By Ramon Johnson, About.com Guide to Gay Life since 2002

Still No Boyfriend?

Monday April 21, 2008
"I feel like I'm missing out on something or like I'm not doing something right," reader SoClose says. "I came out a little while ago and it's worked out great, but I have never had a relationship, close call, questionable experimentation, or anything resembling what might be called intimacy (with anyone). I feel like I don’t measure up to other gay men around me. Has anyone else had similar experiences? Is there something that I should know that I don’t already? I'm just tired of waiting to start a love life. I’m willing and able, but no one else seems to show an interest."

It's not easy finding love. It eludes many guys–especially when we have so much to offer a potential mate. It takes time, considerable patience, and diligence to find the the right person. Where many singles go wrong during their search for a man is associating their relationship status to their sense of self-worth. Single is not synonymous with unsuitable and coupled doesn't always mean content. But, what do you do when you long for a man, but don't think you measure up? I passed the mic to other readers that tell it like it is. Here's what they had to say:
  • "First off, don't worry about how you compare to other gay men. Not everyone will have the same experiences in life and/or in dating. Things will come to you when they come to you. I understand you're wanting to be in a relationship, that is perfectly normal. But being in a relationship doesn't define who you are as a person. Take this time for personal growth. Get to know you better, so you can in-turn find out what kind of people best compliment you."

  • "Some gay guys are just so cute and have such great bodies and dress so well and have such cool jobs and it goes on and on. And me, I'm just a B+ kind of guy. Nothing special. But you know what? I found someone or someone found me and life is really cool. It all happens in time."

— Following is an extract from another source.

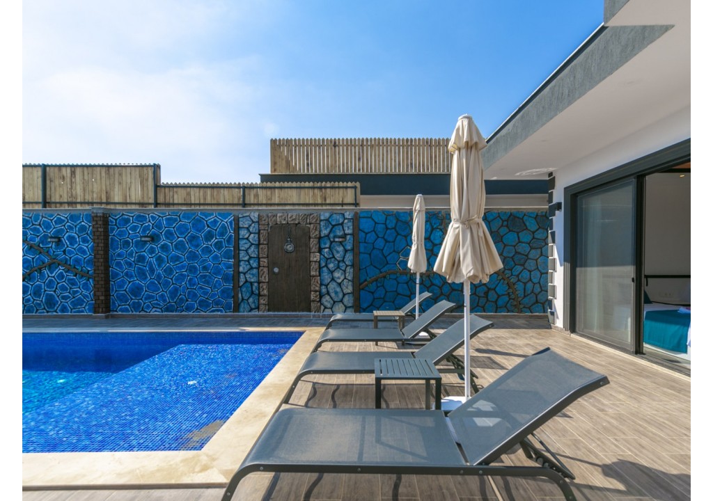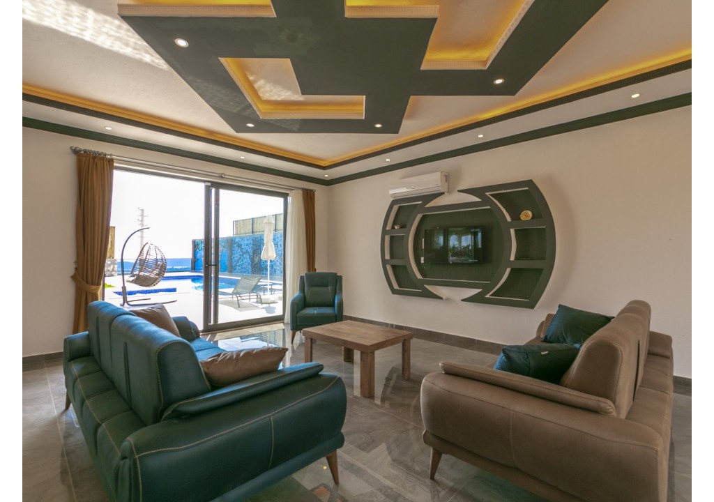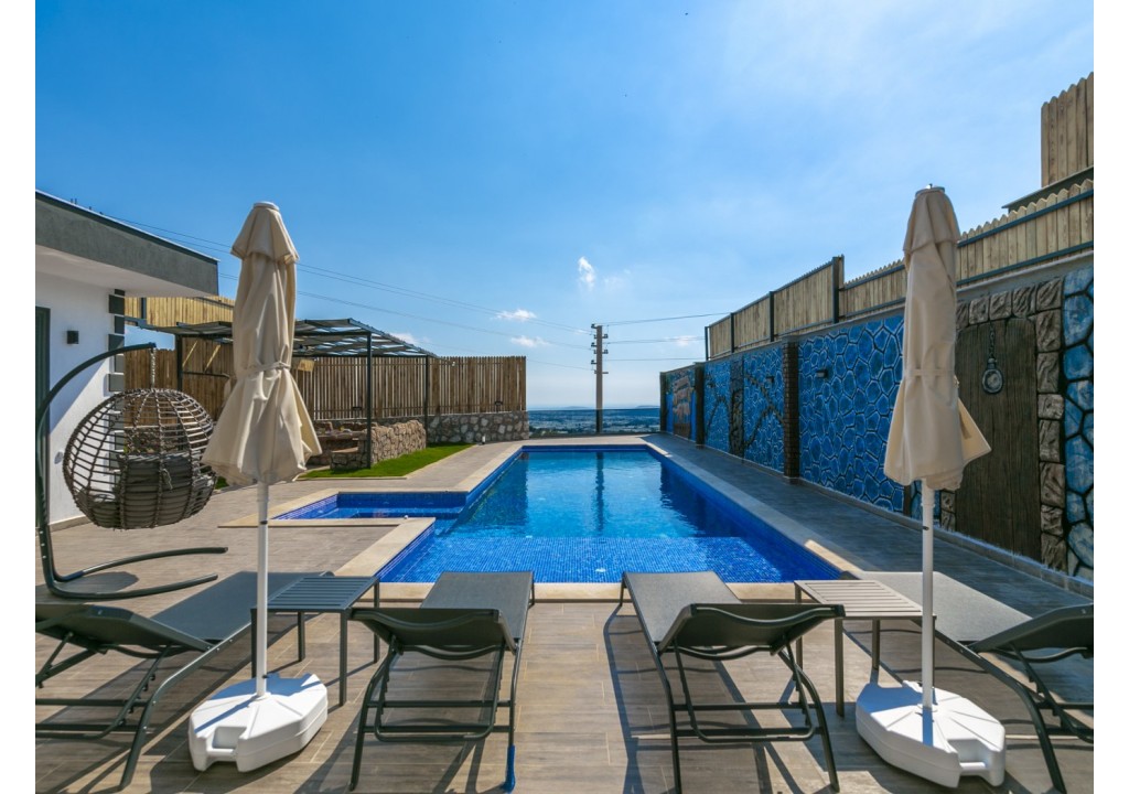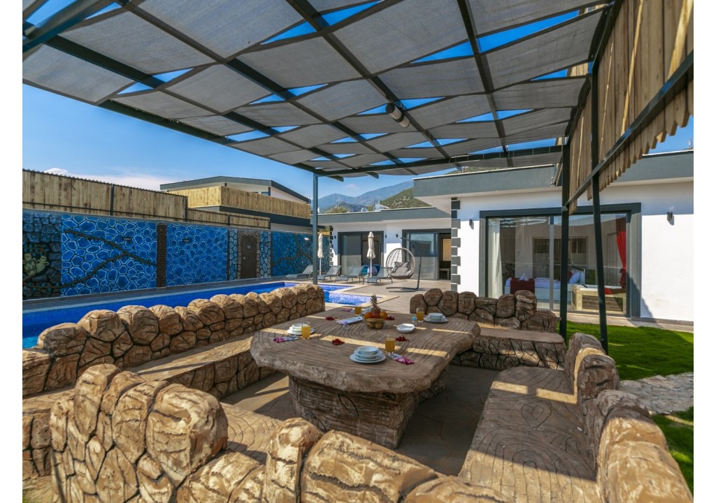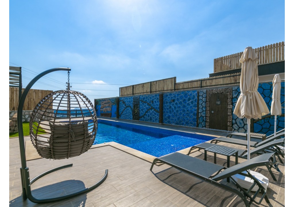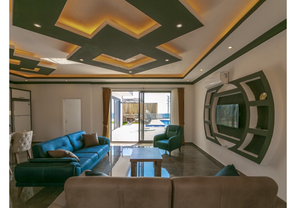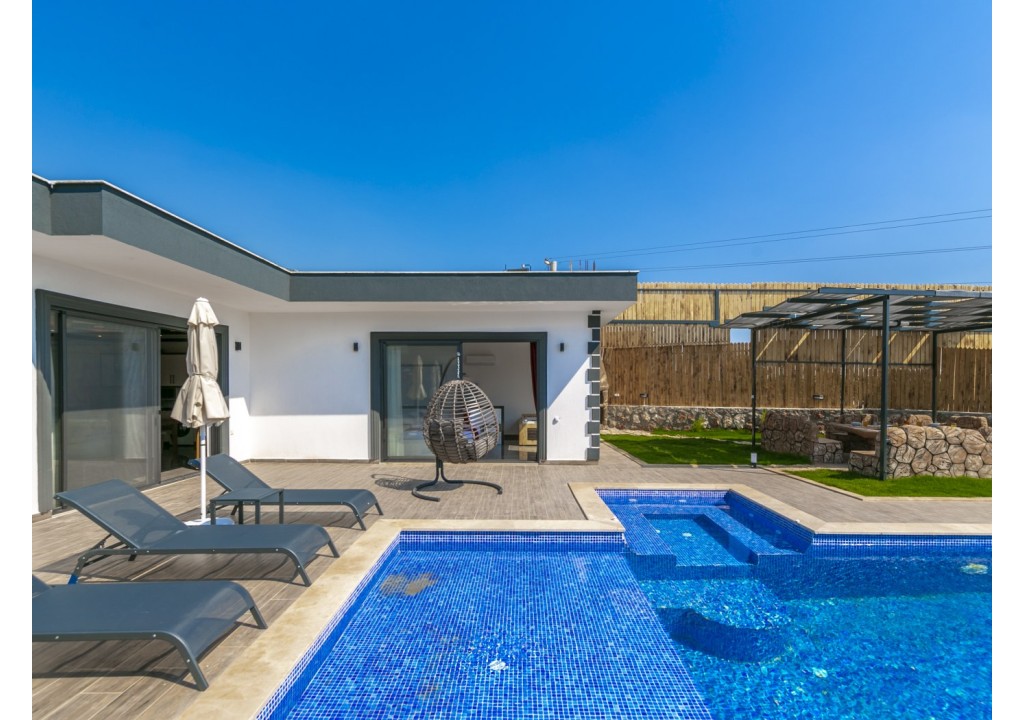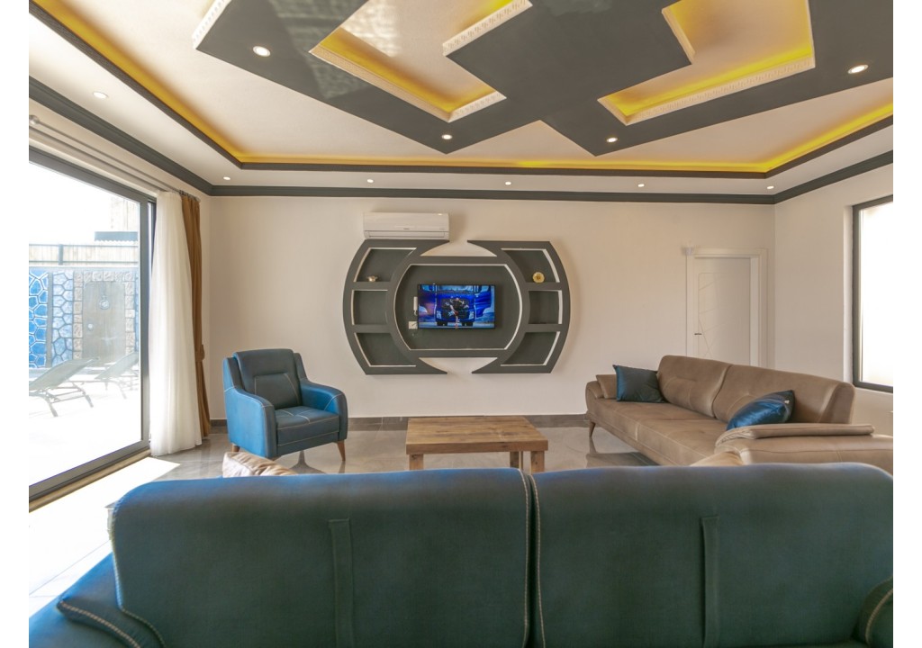 Detayları; Oturma grubu, Uydu TV (LCD), Klima, 4 kişilik yemek masası, Havuz terasına çıkış,

  • "Oh I know how u feel. I was 19, and all I wanted was a relationship. Noone seemed interested in me at all, or they just wanted sex. Its a bad place to be stuck. But I kept searching and met a boy from jersey. And a few months later we seem like we cannot be separated."
Your turn to speak. Join the discussion or comment below.

Image © Ramon Johnson

Comments

April 24, 2008 at 1:34 pm
(1) Tom says:

I’m 48, single and live in NYC. It has been at least 15 years since I was in anything approximating a relationship. There are no current prospects either. I’m college-educated, professional, in good health, non-smoker, non-drinker, laid-back, easy going, low maintenance, but not into bars, clubs or one-night-stands. I’ve concluded that whatever it is men are looking for, I must not have, because I don’t seem to get anyone’s attention, yet the drama queens, the flashy and flamboyant types, and the club kids always seem to meet people.

Where do you meet interesting gay men when you aren’t into the gay scene and are just an ordinary guy?

June 1, 2008 at 3:48 pm
(2) Carrie says:

As a girl, I have wondered the same thing…until I realized that was the problem. I found that the only person that could truly bring fulfillment was the creator of the sexes–and who better would understand. Maybe you are really searching for something deeper first–then you will find true meaning. Just a thought.